La grande rupture

1 April, 2010
2 April, 2010

                   Appel à l’union et à la lutte contre les crises globales, pour le remplacement des accords de commerce et d’investissement et autres machines infernales générées par une économie mondiale dirigée par les transnationales, pour bâtir ensemble une économie durable et solidaire.

 

Nous vivons une époque extraordinaire et sans précédent. Il est bien probable que jamais auparavant, il n’y eut une telle convergence de crises et de menaces contre le futur tant des hommes que de la planète elle-même.

 

La débâcle financière a déclenché une Crise économique mondiale se traduisant par une croissance exponentielle du chômage et de la pauvreté. Et, comme si cela n’était pas suffisant, cela s’est produit au milieu d’une crise climatique globale due au réchauffement de la planète avec des conséquences inimaginables. Parallèlement à cette convergence dramatique, une crise alimentaire mondiale nous menace avec son cortège de malnutrition et de famine globale.

Enfin, à cette triple crise, une crise énergétique exacerbée par la demande croissante de pétrole qui dépasse l’offre s’ajoute au malaise social dû à l’augmentation constante de l’asymétrie entre les classes, les genres et les races.

L’incapacité des gouvernements à faire face à ces multiples menaces ne pourra que favoriser des troubles politiques.

 

Plus que jamais, de mémoire d’homme, le temps est venu pour les associations de la société Ccivile et pour les mouvements sociaux de masse de s’unir dans un effort commun en vue de “ retourner “ complètement le modèledominant et le le schéma de ondialisation économique “ actuels.

 

                   Le gouvernement de l’économie mondiale

 

Les moteurs sous-jacents à ces multiples crises convergentes sont à rechercher non seulement dans l’économie globale et dans la primauté du capitalisme industriel, mais aussi dans le fait que les gouvernements et leurs administrations suivent un modèle néo-libéral de mondialisation économique. Pendant plus d’un siècle, les institutions de Bretton Wood : l’Organisation Mondiale du Commerce ( et son prédécesseur l’ AGTC ), la Banque Mondiale et le Fonds Monétaire International ainsi que les quelques pays industrialisés qui contrôlent ces institutions, ont géré l’économie mondiale en donnant la priorité aux intérêts des plus puissants sur le plan économique.

 

En fait, leur programme de maximalisation des profits grâce à une croissance économique inégale et sans limites, a favorisé les grandes sociétés transnationales au détriment tant de la majorité des gens que de l’environnement.

 

Il devient actuellement de plus en plus évident que ce système de gestion économique à l’échelle mondiale, basé sur un modèle néo-libéral de dérégulation et de privatisations joint à l’attribution de nouveaux privilèges aux multinationales ainsi qu’à une diminution des droits sociaux et du respect de l’environnement, s'est avéré non seulement un échec mais se trouve la cause même de la crise actuelle.

 

Et pourtant, jusqu’à maintenant, la plupart des pays et spécialement les plus développés industriellement, se sont obstinément refusés à réclamer un changement à ce système de gouvernement et à son modèle néo-libéral.

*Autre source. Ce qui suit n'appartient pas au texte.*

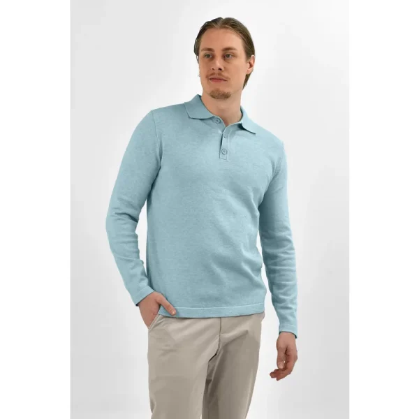 Het lichtblauwe poloshirt met lange mouwen is de perfecte balans tussen stijl en comfort. Gemaakt van hoogwaardige, zachte gebreide stof, biedt dit shirt niet alleen comfort maar ook een luxe uitstraling.

Bien que le G8 qui est composé des principaux pays industrialisés du Nord se soit agrandi pour accueillir les pays émergents du Sud dans le G20, tant le G8 que le G20 soutiennent et protègent le Statu quo en matière d’économie mondiale.

 

Tout récemment, en réponse à la crise économique et financière mondiale, l’Assemblée Générale des Nations Unies qui représente 192 des nations du monde, a rédigé un communiqué basé sur le rapport de la Commission Stiglitz réclamant des changements significatifs au système actuel de gestion de l’économie mondiale.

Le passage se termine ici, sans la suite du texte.